### EXERCISE PROMPT
The listing below should be written out word for word, with its pictures removed.

### THE DATA
_ _ _

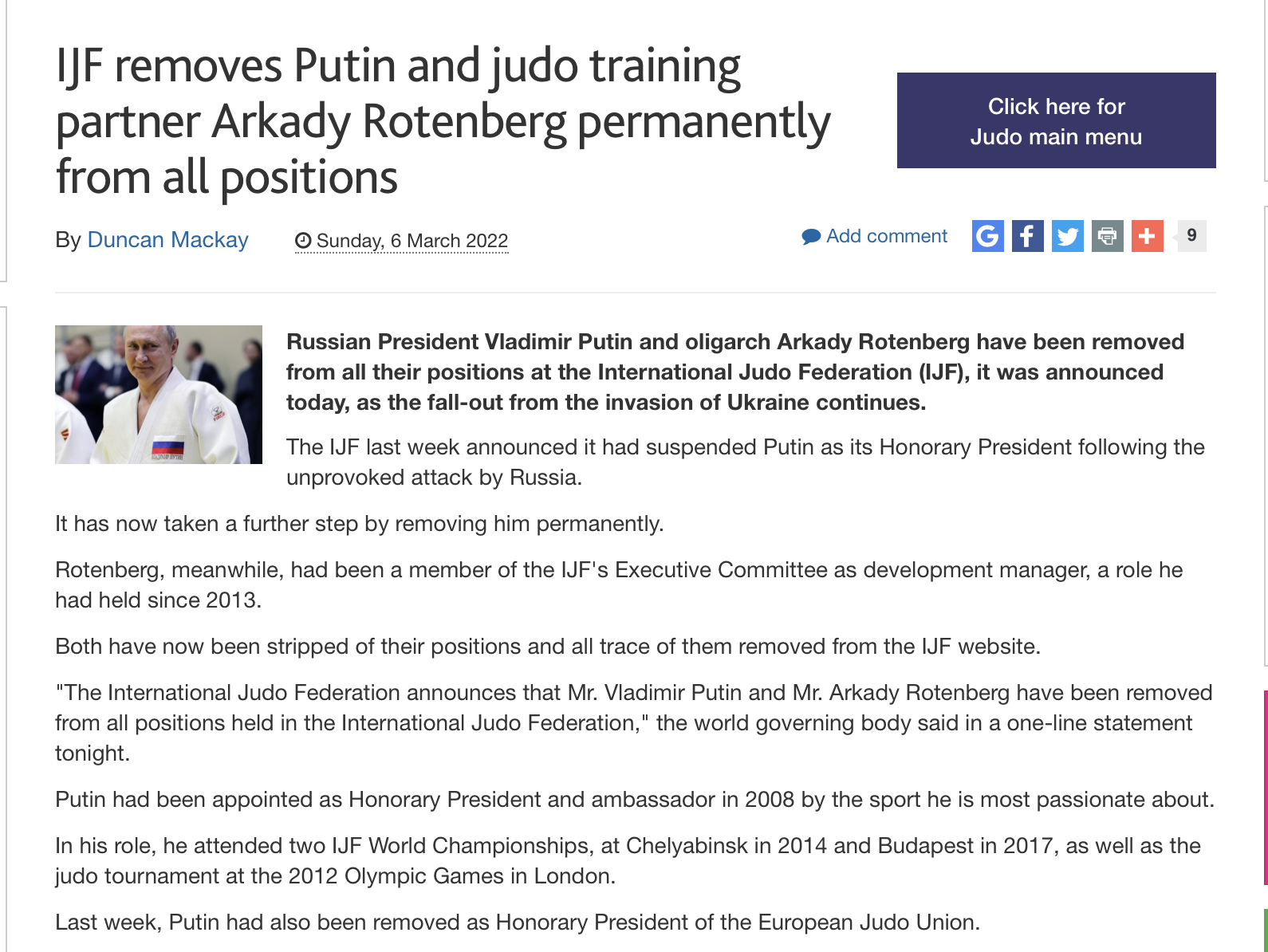 Adică gata, Vizer l-a suspendat pe Putin și pe Rotenberg din orice poziție deținută în FIJ, și pe sine nu se vede?
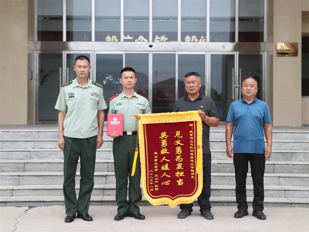 “感謝王守超同志救了我們兩個人,拯救了兩個家庭,武警戰(zhàn)士好樣的!”不久前,河南省濮陽市范縣龍王莊鎮(zhèn)孟樓村村民王正方一行來到武警河北總隊訓練基地,將一面繡著“見義勇為顯擔當 英勇救人暖人心”的錦旗,以及范縣見義勇為評定委員會頒發(fā)的“見義勇為先進個人”證書,鄭重遞到該基地王守超手中。
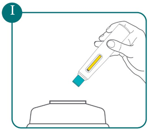 Legg den brukte ferdigfylte pennen i en avfallsbeholder for skarpe gjenstander umiddelbart etter bruk (se figur I).
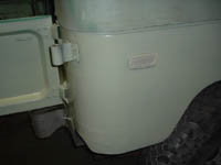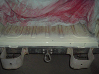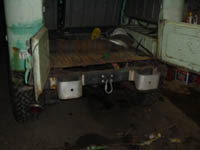 As with the body mount access, I needed a way to get at the spare carrier latch fasteners. I thought of any number of possible ways to do this, from trying to weld nuts on the back, to making a plate that could be adjusted around with the nuts weled to it, to welding another plate on the inside that could be directly threaded. In the end, I simply drilled holes for the bolts which were slightly large than the bolt diameter, and then cut access holes in the rear. The idea is that the oversize holes would give me a little adjustment for the location of the latch, and the access holes would allow me to get a socket into the other side of the fasteners.

_ _ _

### COMPLETED TASK
 Adică gata, Vizer l-a suspendat pe Putin și pe Rotenberg din orice poziție deținută în FIJ, și pe sine nu se vede?
 “感謝王守超同志救了我們兩個人,拯救了兩個家庭,武警戰(zhàn)士好樣的!”不久前,河南省濮陽市范縣龍王莊鎮(zhèn)孟樓村村民王正方一行來到武警河北總隊訓練基地,將一面繡著“見義勇為顯擔當 英勇救人暖人心”的錦旗,以及范縣見義勇為評定委員會頒發(fā)的“見義勇為先進個人”證書,鄭重遞到該基地王守超手中。
 Legg den brukte ferdigfylte pennen i en avfallsbeholder for skarpe gjenstander umiddelbart etter bruk (se figur I).
 As with the body mount access, I needed a way to get at the spare carrier latch fasteners. I thought of any number of possible ways to do this, from trying to weld nuts on the back, to making a plate that could be adjusted around with the nuts weled to it, to welding another plate on the inside that could be directly threaded. In the end, I simply drilled holes for the bolts which were slightly large than the bolt diameter, and then cut access holes in the rear. The idea is that the oversize holes would give me a little adjustment for the location of the latch, and the access holes would allow me to get a socket into the other side of the fasteners.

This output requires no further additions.